Near-Realtime - Points at a load balanced pool of read-only SQL Servers that are getting updated by replication or log shipping. In your original design, these lived on the web servers, but that's dangerous practice and a maintenance nightmare. SQL Server needs a lot of memory (not to mention money for licensing) and you don't want to be tied into adding a database server for every single web server.
Delayed Reporting - In your environment right now, it's going to point to the same load-balanced pool of subscribers, but down the road you can use a technology like log shipping to have a pool of servers 8-24 hours behind. These scale out really well, but the data's far behind. It's great for reporting, search, long-term history, and other non-realtime needs.
If you design your app to use those 3 connection strings from the start, scaling is a lot easier, and doesn't involve any coding complexity - just pick the right connection string.
Have you considered memcached? Since it is:
in memory
can run locally
fully scalable horizontally
prevents the need to re-cache on each web server
It may fit the bill. Check out Google for lots of details and usage stories.
Just some addition to what RickNZ proposed above..
Since your master data which you are caching currently won't change so frequently and probably over some maintenance window, here is what should you do first on database side:
Create a SNAPSHOT replication for the master tables which you want to cache. Adding new entities will be equally easy.
On all the webservers, install SQL Express and subscribe to this Publication.
Since, this is not a frequently changing data, you can rest assure, no much server resource usage issue minus network trips for master data.
All your caching which was available via previous mechanism is still availbale minus all headache which comes when you add new entities.
Next, you can leverage .NET mechanisms as suggested above. You won't face memcached cluster failure unless your webserver itself goes down. There is a lot availble in .NET which a .NET pro can point out after this stage.

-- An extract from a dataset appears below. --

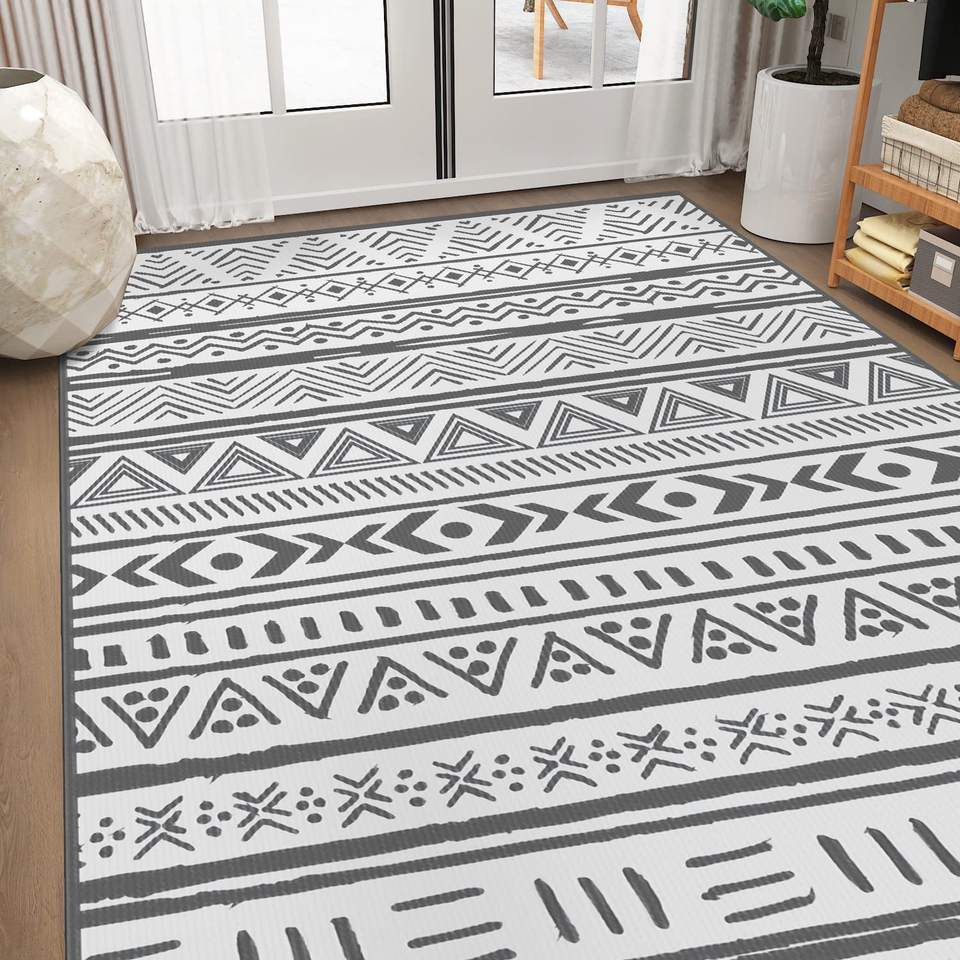 Tappeto Reversibile in Paglia Intrecciata Impermeabile per Esterni, Camper, Spiaggia, Patio, Giardino, Piscina, Terrazza, Picnic, Campeggio, Lavabile
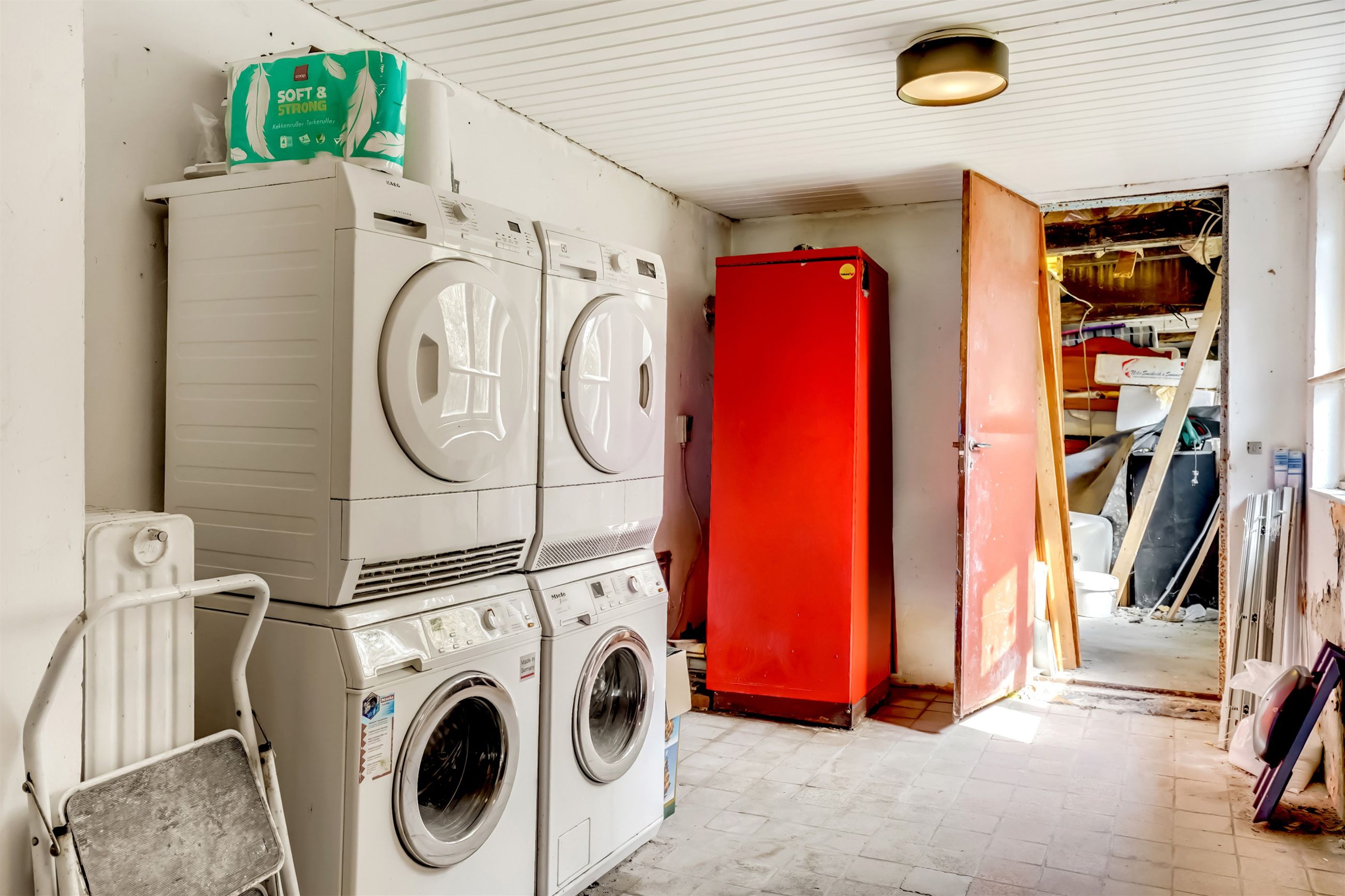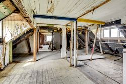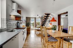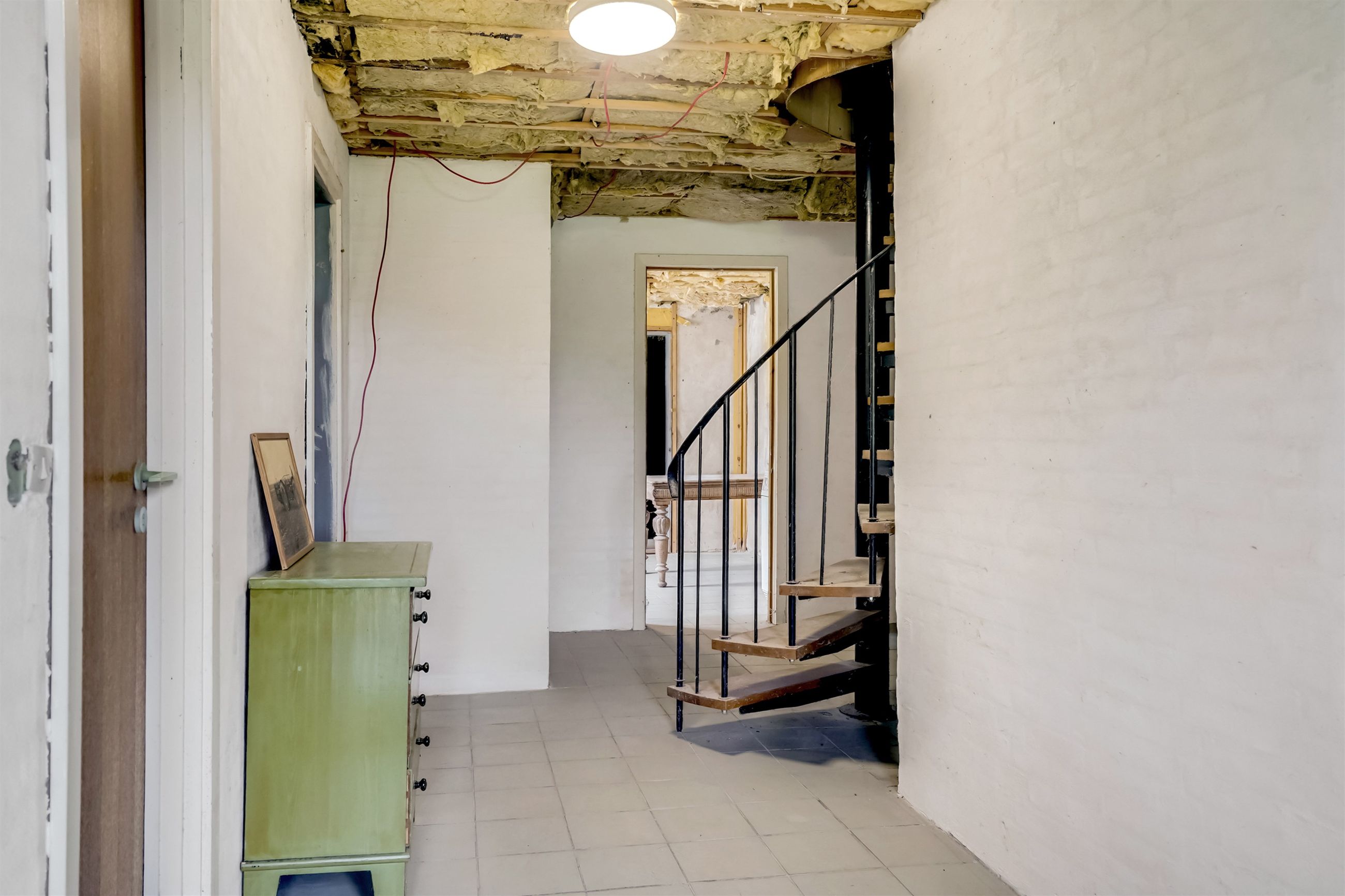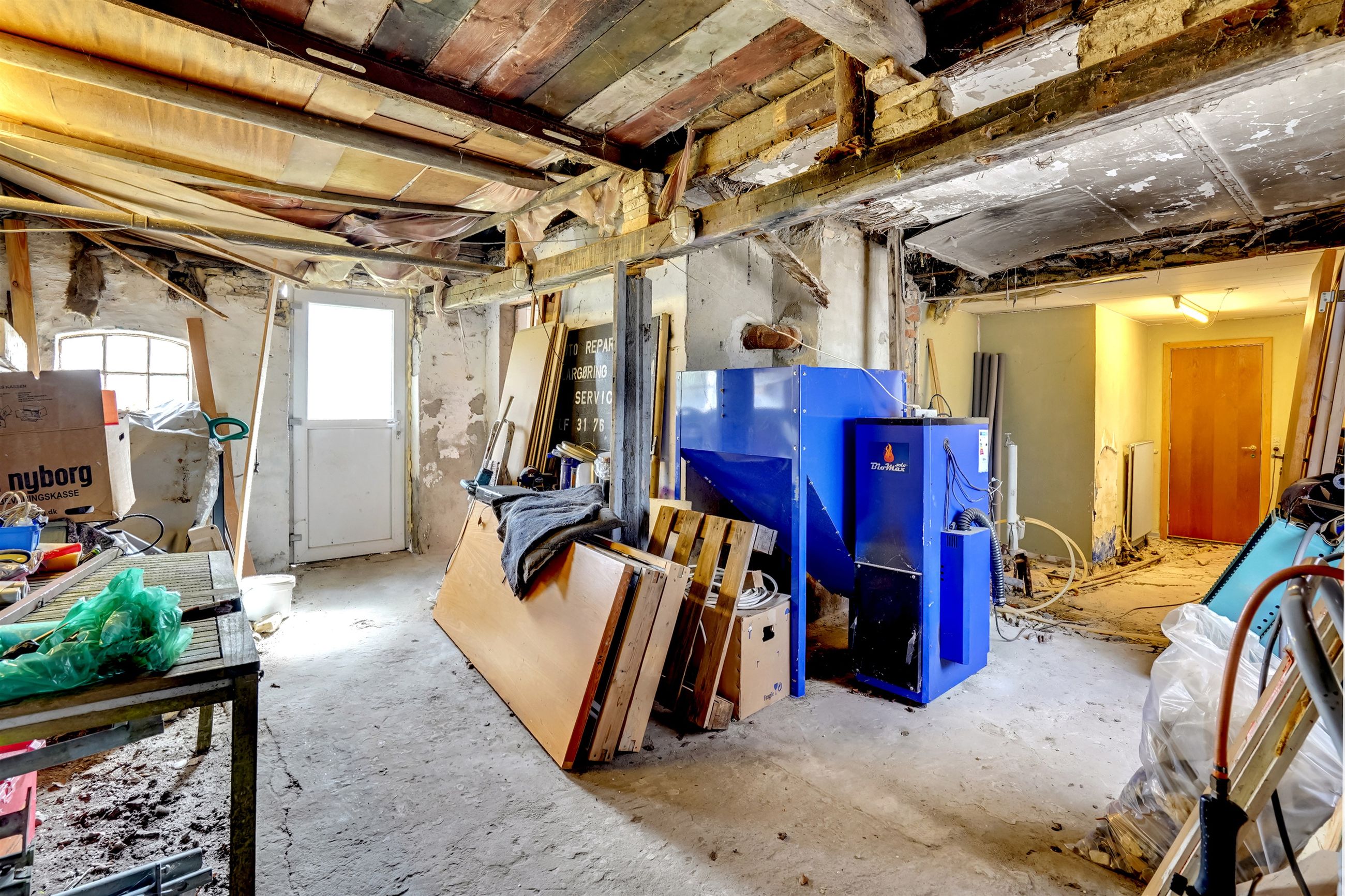 Bolig 1 udgør 188 kvm og rummer også det store værksted/hobbyrum. Boligen har tidligere været opdelt i to enheder, og byder derfor på fleksible indretningsmuligheder. I stueplan er det gamle køkken fjernet, og førstesalen står klar til nyindretning med toilet og store disponible loftarealer – ideelt for dig, der vil skabe noget unikt.

It seems to me that Windows Server AppFabric is exactly what you are looking for. (AKA "Velocity"). From the introductory documentation:
Windows Server AppFabric provides a
distributed in-memory application
cache platform for developing
scalable, available, and
high-performance applications.
AppFabric fuses memory across multiple
computers to give a single unified
cache view to applications.
Applications can store any
serializable CLR object without
worrying about where the object gets
stored. Scalability can be achieved by
simply adding more computers on
demand. The cache also allows for
copies of data to be stored across the
cluster, thus protecting data against
failures. It runs as a service
accessed over the network. In
addition, Windows Server AppFabric
provides seamless integration with
ASP.NET that enables ASP.NET session
objects to be stored in the
distributed cache without having to
write to databases. This increases
both the performance and scalability
of ASP.NET applications.
Have you considered using SqlDependency caching?
You could also write the data to the local disk at the web tier, if you're concerned about initial start-up time or DB outages. But at least with a SqlDependency, you shouldn't have to poll the DB to look for changes. It can also be made relatively transparent.
In my experience, adding a DB instance on web servers generally doesn't work out too well from a scalability or performance perspective.
If you're concerned about performance and scalability, you might consider partitioning your data tier. The specifics depend on your app, but as an example, you could move read-only data onto a couple of SQL Express servers that are populated with replication.
In case it helps, I talk about this subject at length in my book (Ultra-Fast ASP.NET).